Below are lines of data, and only some are wanted. Please repeat exactly those from the line that has "とてもハリのあるシャリ感の強" through the line that has "Arnold: National Greatness".

• SUPPLIED DATA:
== Segment start ==

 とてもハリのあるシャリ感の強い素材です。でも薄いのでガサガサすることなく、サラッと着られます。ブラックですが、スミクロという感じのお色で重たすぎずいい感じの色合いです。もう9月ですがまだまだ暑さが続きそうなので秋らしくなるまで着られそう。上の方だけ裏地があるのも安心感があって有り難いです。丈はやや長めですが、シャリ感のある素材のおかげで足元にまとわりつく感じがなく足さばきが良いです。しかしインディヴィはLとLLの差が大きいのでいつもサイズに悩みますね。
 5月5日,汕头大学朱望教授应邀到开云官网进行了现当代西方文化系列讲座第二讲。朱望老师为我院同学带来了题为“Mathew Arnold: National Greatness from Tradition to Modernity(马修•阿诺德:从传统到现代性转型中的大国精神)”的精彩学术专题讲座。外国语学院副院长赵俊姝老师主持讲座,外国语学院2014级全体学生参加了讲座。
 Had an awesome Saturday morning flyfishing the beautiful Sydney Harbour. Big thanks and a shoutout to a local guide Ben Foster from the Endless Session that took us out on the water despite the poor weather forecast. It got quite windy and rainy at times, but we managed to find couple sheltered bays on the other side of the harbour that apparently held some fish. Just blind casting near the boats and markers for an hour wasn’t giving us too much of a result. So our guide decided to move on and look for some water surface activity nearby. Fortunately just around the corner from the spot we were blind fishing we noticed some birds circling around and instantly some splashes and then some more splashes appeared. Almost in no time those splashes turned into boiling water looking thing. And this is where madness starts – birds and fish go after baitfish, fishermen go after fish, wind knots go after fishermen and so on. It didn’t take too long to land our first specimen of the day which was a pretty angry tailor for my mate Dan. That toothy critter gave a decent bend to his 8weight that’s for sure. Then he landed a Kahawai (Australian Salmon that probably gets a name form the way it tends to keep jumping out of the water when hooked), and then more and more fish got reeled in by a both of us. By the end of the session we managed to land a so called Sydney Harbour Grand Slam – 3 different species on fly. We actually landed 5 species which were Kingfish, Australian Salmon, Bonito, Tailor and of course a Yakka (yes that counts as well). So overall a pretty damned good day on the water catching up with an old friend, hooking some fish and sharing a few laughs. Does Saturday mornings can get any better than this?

== Segment end ==
== Segment start ==

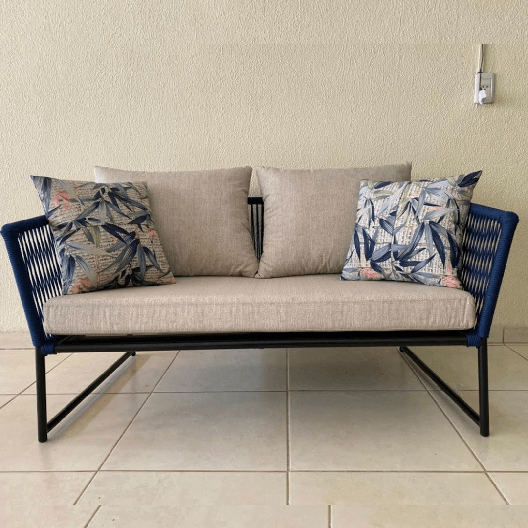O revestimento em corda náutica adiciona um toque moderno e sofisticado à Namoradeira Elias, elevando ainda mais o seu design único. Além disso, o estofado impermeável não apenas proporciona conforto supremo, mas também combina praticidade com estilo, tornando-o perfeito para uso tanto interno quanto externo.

== Segment end ==

• ANSWER FOR THIS EXERCISE:
 とてもハリのあるシャリ感の強い素材です。でも薄いのでガサガサすることなく、サラッと着られます。ブラックですが、スミクロという感じのお色で重たすぎずいい感じの色合いです。もう9月ですがまだまだ暑さが続きそうなので秋らしくなるまで着られそう。上の方だけ裏地があるのも安心感があって有り難いです。丈はやや長めですが、シャリ感のある素材のおかげで足元にまとわりつく感じがなく足さばきが良いです。しかしインディヴィはLとLLの差が大きいのでいつもサイズに悩みますね。
 5月5日,汕头大学朱望教授应邀到开云官网进行了现当代西方文化系列讲座第二讲。朱望老师为我院同学带来了题为“Mathew Arnold: National Greatness from Tradition to Modernity(马修•阿诺德:从传统到现代性转型中的大国精神)”的精彩学术专题讲座。外国语学院副院长赵俊姝老师主持讲座,外国语学院2014级全体学生参加了讲座。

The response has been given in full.